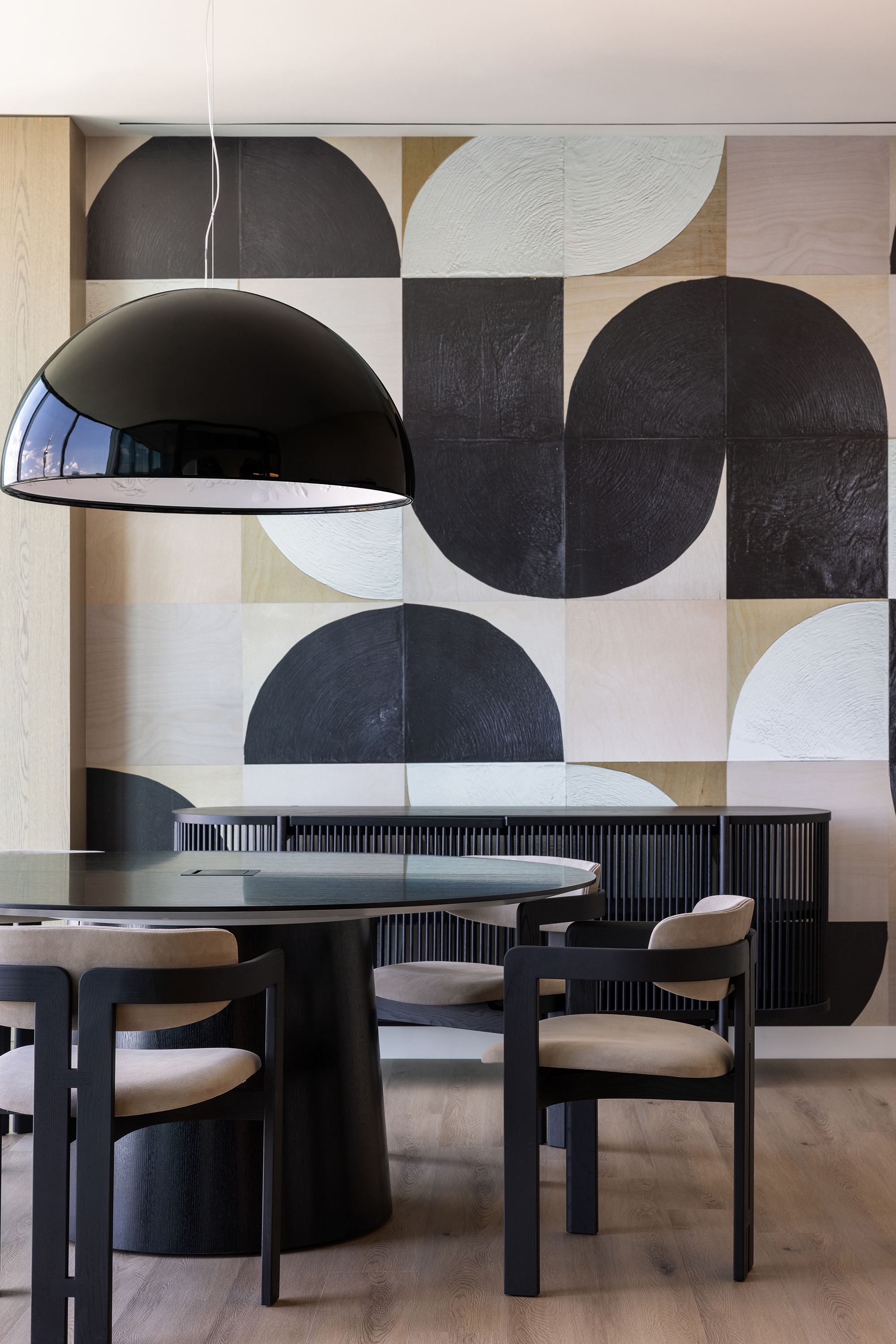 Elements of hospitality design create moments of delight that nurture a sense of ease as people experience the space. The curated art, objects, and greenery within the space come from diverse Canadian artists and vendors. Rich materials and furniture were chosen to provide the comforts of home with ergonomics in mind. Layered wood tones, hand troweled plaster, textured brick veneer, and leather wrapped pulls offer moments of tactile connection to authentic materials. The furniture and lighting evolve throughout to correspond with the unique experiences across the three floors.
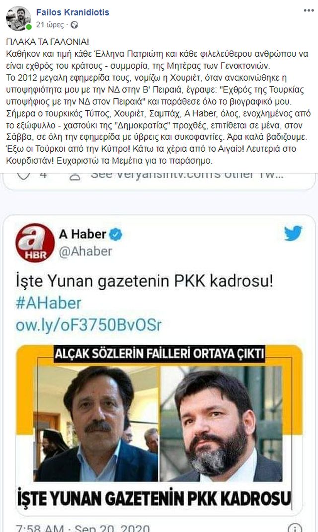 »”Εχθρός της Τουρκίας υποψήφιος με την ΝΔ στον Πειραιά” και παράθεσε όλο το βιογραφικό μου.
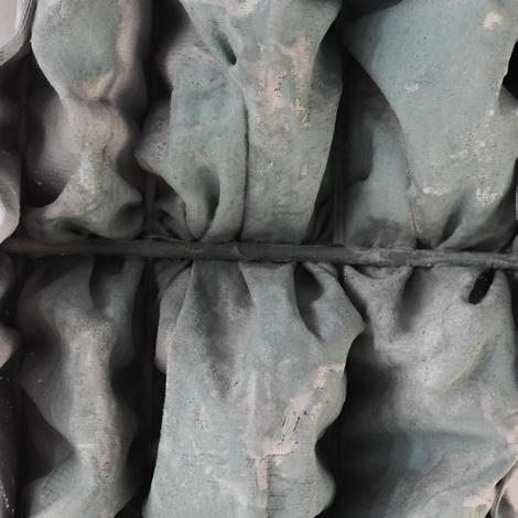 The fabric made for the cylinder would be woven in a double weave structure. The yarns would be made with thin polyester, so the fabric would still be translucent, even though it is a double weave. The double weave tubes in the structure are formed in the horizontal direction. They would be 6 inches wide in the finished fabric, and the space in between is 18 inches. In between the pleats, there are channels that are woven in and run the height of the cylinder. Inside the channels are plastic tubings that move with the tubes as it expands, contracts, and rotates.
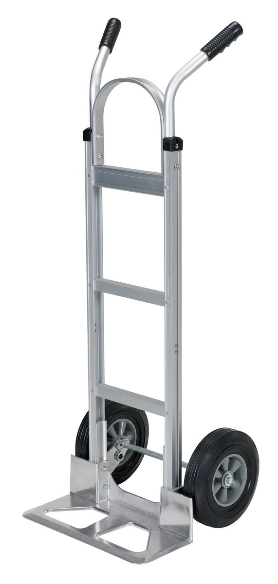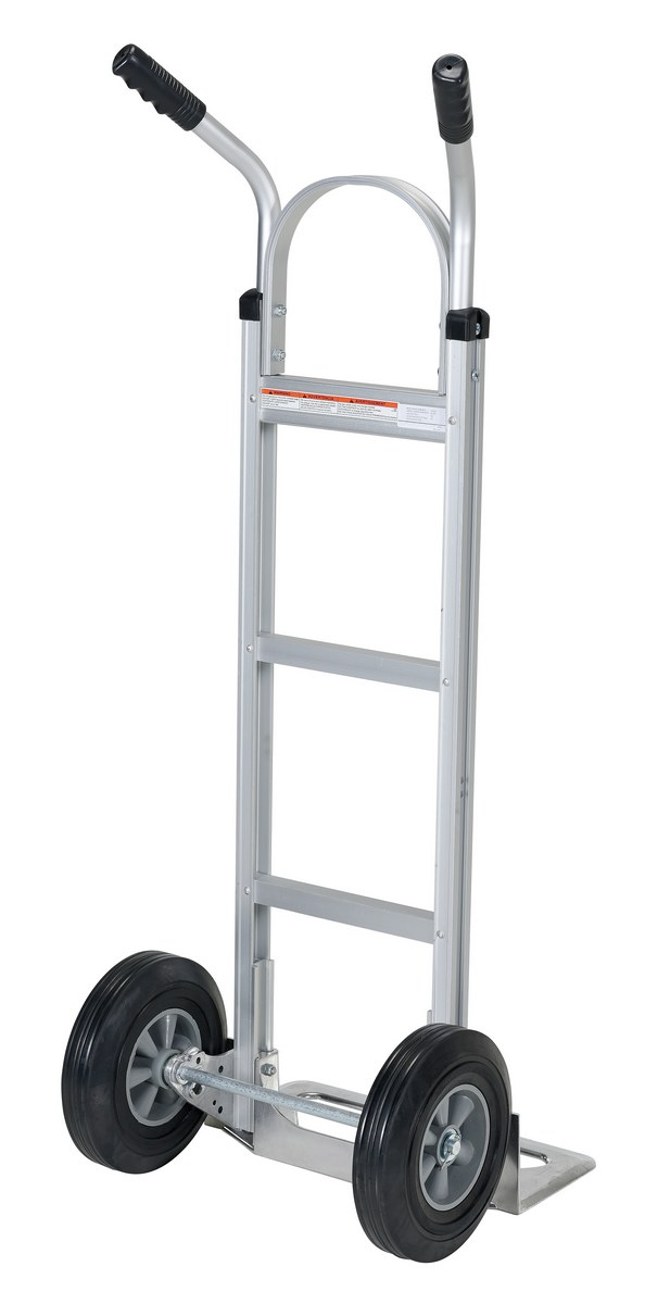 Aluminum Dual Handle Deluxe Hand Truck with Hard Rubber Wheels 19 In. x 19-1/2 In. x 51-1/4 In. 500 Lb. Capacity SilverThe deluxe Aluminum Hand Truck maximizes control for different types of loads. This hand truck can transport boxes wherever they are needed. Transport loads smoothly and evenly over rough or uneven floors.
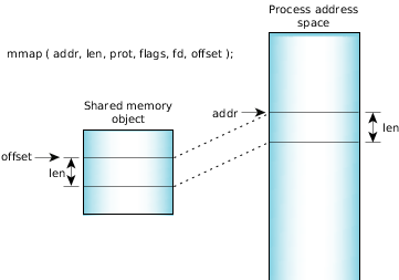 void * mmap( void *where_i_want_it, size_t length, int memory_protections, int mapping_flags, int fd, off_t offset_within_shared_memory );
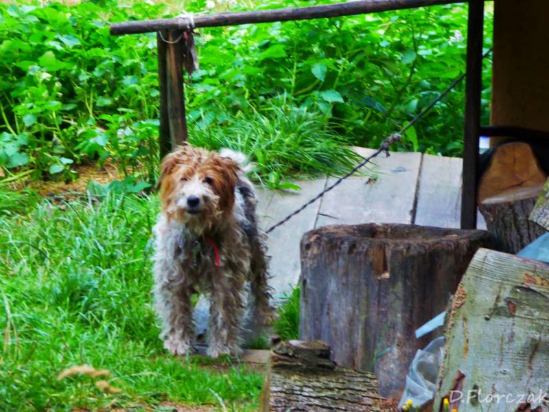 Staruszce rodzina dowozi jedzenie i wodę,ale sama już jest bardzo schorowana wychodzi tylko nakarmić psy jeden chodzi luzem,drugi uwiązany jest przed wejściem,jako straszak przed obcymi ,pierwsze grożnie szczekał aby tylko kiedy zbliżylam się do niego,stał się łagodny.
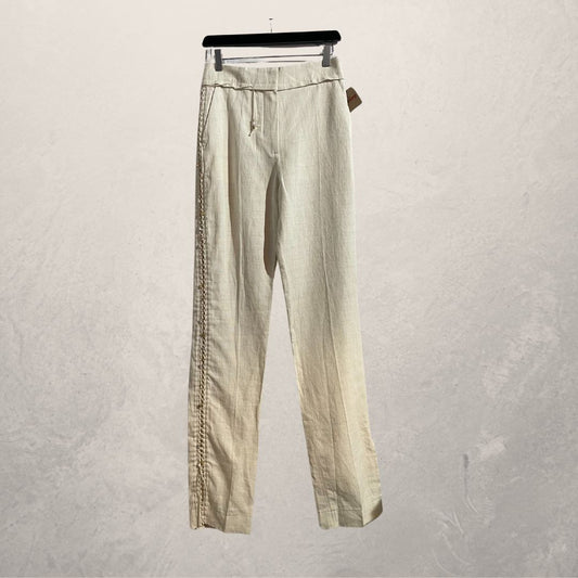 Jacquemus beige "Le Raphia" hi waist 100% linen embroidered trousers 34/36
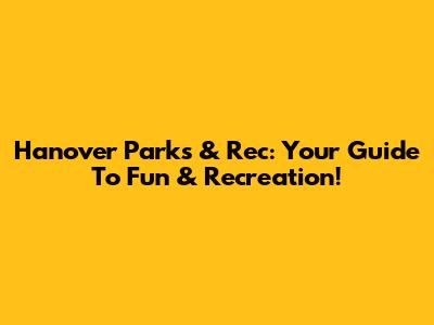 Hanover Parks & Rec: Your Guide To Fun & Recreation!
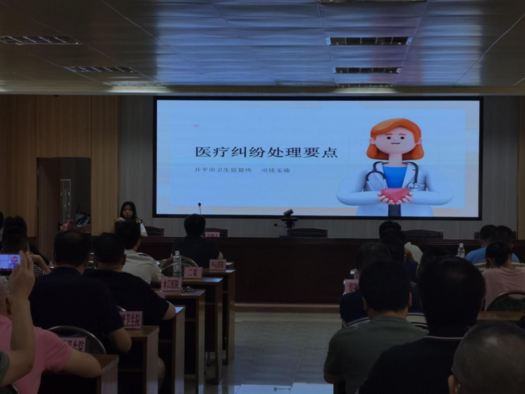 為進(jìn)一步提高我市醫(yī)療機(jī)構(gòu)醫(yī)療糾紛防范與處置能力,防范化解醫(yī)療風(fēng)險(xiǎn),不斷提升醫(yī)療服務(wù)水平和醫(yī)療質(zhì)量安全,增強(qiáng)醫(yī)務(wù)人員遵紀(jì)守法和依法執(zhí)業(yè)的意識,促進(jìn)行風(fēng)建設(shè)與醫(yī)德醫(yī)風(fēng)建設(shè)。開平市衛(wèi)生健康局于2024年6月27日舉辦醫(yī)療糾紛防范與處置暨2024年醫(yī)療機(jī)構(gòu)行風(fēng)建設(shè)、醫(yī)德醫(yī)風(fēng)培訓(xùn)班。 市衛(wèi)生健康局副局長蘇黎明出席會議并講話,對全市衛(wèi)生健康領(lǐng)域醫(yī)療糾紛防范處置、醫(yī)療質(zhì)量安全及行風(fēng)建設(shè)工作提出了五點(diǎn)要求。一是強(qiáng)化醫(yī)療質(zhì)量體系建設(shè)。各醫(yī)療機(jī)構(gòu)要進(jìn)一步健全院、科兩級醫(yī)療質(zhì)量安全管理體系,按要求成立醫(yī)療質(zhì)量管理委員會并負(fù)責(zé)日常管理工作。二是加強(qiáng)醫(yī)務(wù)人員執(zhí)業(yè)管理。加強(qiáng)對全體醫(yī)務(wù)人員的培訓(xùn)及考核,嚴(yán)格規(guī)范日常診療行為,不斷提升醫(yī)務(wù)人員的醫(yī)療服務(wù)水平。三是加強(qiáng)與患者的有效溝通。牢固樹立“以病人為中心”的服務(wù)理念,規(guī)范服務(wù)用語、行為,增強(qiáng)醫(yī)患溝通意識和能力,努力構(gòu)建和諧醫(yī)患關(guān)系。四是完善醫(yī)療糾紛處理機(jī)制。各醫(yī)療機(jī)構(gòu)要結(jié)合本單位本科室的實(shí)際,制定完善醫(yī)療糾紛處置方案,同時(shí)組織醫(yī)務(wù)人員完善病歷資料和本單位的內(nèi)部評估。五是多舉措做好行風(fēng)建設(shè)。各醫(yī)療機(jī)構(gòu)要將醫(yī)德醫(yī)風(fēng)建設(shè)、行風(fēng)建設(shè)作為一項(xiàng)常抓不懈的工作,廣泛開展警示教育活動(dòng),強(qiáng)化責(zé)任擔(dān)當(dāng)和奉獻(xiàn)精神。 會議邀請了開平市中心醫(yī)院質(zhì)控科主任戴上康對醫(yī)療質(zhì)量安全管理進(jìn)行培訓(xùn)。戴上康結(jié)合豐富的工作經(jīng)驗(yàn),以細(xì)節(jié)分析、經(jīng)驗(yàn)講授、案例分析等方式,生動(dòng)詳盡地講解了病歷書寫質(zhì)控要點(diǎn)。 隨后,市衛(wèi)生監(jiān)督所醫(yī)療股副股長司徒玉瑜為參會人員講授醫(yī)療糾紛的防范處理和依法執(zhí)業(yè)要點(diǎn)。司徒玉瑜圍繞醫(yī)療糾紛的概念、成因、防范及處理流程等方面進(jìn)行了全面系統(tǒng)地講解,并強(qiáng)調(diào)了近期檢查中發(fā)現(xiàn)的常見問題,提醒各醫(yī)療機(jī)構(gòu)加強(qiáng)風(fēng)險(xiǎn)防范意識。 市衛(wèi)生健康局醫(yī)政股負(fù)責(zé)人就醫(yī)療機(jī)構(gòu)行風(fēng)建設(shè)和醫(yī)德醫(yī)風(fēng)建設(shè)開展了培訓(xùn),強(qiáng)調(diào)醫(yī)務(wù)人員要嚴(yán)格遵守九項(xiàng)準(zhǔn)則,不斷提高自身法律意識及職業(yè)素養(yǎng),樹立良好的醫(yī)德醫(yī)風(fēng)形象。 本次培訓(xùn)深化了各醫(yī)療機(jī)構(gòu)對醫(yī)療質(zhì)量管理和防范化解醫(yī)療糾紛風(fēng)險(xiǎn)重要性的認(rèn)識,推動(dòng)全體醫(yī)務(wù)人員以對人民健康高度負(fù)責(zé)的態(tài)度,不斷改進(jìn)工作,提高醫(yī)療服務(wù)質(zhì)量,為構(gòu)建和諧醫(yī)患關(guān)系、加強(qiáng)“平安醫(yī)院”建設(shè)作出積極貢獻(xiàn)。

:::::

Repeat the data in full and exactly. Omit pictures.

- [SOLUTION FOR THIS TASK]
 Elements of hospitality design create moments of delight that nurture a sense of ease as people experience the space. The curated art, objects, and greenery within the space come from diverse Canadian artists and vendors. Rich materials and furniture were chosen to provide the comforts of home with ergonomics in mind. Layered wood tones, hand troweled plaster, textured brick veneer, and leather wrapped pulls offer moments of tactile connection to authentic materials. The furniture and lighting evolve throughout to correspond with the unique experiences across the three floors.
 »”Εχθρός της Τουρκίας υποψήφιος με την ΝΔ στον Πειραιά” και παράθεσε όλο το βιογραφικό μου.
 The fabric made for the cylinder would be woven in a double weave structure. The yarns would be made with thin polyester, so the fabric would still be translucent, even though it is a double weave. The double weave tubes in the structure are formed in the horizontal direction. They would be 6 inches wide in the finished fabric, and the space in between is 18 inches. In between the pleats, there are channels that are woven in and run the height of the cylinder. Inside the channels are plastic tubings that move with the tubes as it expands, contracts, and rotates.
 Aluminum Dual Handle Deluxe Hand Truck with Hard Rubber Wheels 19 In. x 19-1/2 In. x 51-1/4 In. 500 Lb. Capacity SilverThe deluxe Aluminum Hand Truck maximizes control for different types of loads. This hand truck can transport boxes wherever they are needed. Transport loads smoothly and evenly over rough or uneven floors.
 void * mmap( void *where_i_want_it, size_t length, int memory_protections, int mapping_flags, int fd, off_t offset_within_shared_memory );
 Staruszce rodzina dowozi jedzenie i wodę,ale sama już jest bardzo schorowana wychodzi tylko nakarmić psy jeden chodzi luzem,drugi uwiązany jest przed wejściem,jako straszak przed obcymi ,pierwsze grożnie szczekał aby tylko kiedy zbliżylam się do niego,stał się łagodny.
 Jacquemus beige "Le Raphia" hi waist 100% linen embroidered trousers 34/36
 Hanover Parks & Rec: Your Guide To Fun & Recreation!
 為進(jìn)一步提高我市醫(yī)療機(jī)構(gòu)醫(yī)療糾紛防范與處置能力,防范化解醫(yī)療風(fēng)險(xiǎn),不斷提升醫(yī)療服務(wù)水平和醫(yī)療質(zhì)量安全,增強(qiáng)醫(yī)務(wù)人員遵紀(jì)守法和依法執(zhí)業(yè)的意識,促進(jìn)行風(fēng)建設(shè)與醫(yī)德醫(yī)風(fēng)建設(shè)。開平市衛(wèi)生健康局于2024年6月27日舉辦醫(yī)療糾紛防范與處置暨2024年醫(yī)療機(jī)構(gòu)行風(fēng)建設(shè)、醫(yī)德醫(yī)風(fēng)培訓(xùn)班。 市衛(wèi)生健康局副局長蘇黎明出席會議并講話,對全市衛(wèi)生健康領(lǐng)域醫(yī)療糾紛防范處置、醫(yī)療質(zhì)量安全及行風(fēng)建設(shè)工作提出了五點(diǎn)要求。一是強(qiáng)化醫(yī)療質(zhì)量體系建設(shè)。各醫(yī)療機(jī)構(gòu)要進(jìn)一步健全院、科兩級醫(yī)療質(zhì)量安全管理體系,按要求成立醫(yī)療質(zhì)量管理委員會并負(fù)責(zé)日常管理工作。二是加強(qiáng)醫(yī)務(wù)人員執(zhí)業(yè)管理。加強(qiáng)對全體醫(yī)務(wù)人員的培訓(xùn)及考核,嚴(yán)格規(guī)范日常診療行為,不斷提升醫(yī)務(wù)人員的醫(yī)療服務(wù)水平。三是加強(qiáng)與患者的有效溝通。牢固樹立“以病人為中心”的服務(wù)理念,規(guī)范服務(wù)用語、行為,增強(qiáng)醫(yī)患溝通意識和能力,努力構(gòu)建和諧醫(yī)患關(guān)系。四是完善醫(yī)療糾紛處理機(jī)制。各醫(yī)療機(jī)構(gòu)要結(jié)合本單位本科室的實(shí)際,制定完善醫(yī)療糾紛處置方案,同時(shí)組織醫(yī)務(wù)人員完善病歷資料和本單位的內(nèi)部評估。五是多舉措做好行風(fēng)建設(shè)。各醫(yī)療機(jī)構(gòu)要將醫(yī)德醫(yī)風(fēng)建設(shè)、行風(fēng)建設(shè)作為一項(xiàng)常抓不懈的工作,廣泛開展警示教育活動(dòng),強(qiáng)化責(zé)任擔(dān)當(dāng)和奉獻(xiàn)精神。 會議邀請了開平市中心醫(yī)院質(zhì)控科主任戴上康對醫(yī)療質(zhì)量安全管理進(jìn)行培訓(xùn)。戴上康結(jié)合豐富的工作經(jīng)驗(yàn),以細(xì)節(jié)分析、經(jīng)驗(yàn)講授、案例分析等方式,生動(dòng)詳盡地講解了病歷書寫質(zhì)控要點(diǎn)。 隨后,市衛(wèi)生監(jiān)督所醫(yī)療股副股長司徒玉瑜為參會人員講授醫(yī)療糾紛的防范處理和依法執(zhí)業(yè)要點(diǎn)。司徒玉瑜圍繞醫(yī)療糾紛的概念、成因、防范及處理流程等方面進(jìn)行了全面系統(tǒng)地講解,并強(qiáng)調(diào)了近期檢查中發(fā)現(xiàn)的常見問題,提醒各醫(yī)療機(jī)構(gòu)加強(qiáng)風(fēng)險(xiǎn)防范意識。 市衛(wèi)生健康局醫(yī)政股負(fù)責(zé)人就醫(yī)療機(jī)構(gòu)行風(fēng)建設(shè)和醫(yī)德醫(yī)風(fēng)建設(shè)開展了培訓(xùn),強(qiáng)調(diào)醫(yī)務(wù)人員要嚴(yán)格遵守九項(xiàng)準(zhǔn)則,不斷提高自身法律意識及職業(yè)素養(yǎng),樹立良好的醫(yī)德醫(yī)風(fēng)形象。 本次培訓(xùn)深化了各醫(yī)療機(jī)構(gòu)對醫(yī)療質(zhì)量管理和防范化解醫(yī)療糾紛風(fēng)險(xiǎn)重要性的認(rèn)識,推動(dòng)全體醫(yī)務(wù)人員以對人民健康高度負(fù)責(zé)的態(tài)度,不斷改進(jìn)工作,提高醫(yī)療服務(wù)質(zhì)量,為構(gòu)建和諧醫(yī)患關(guān)系、加強(qiáng)“平安醫(yī)院”建設(shè)作出積極貢獻(xiàn)。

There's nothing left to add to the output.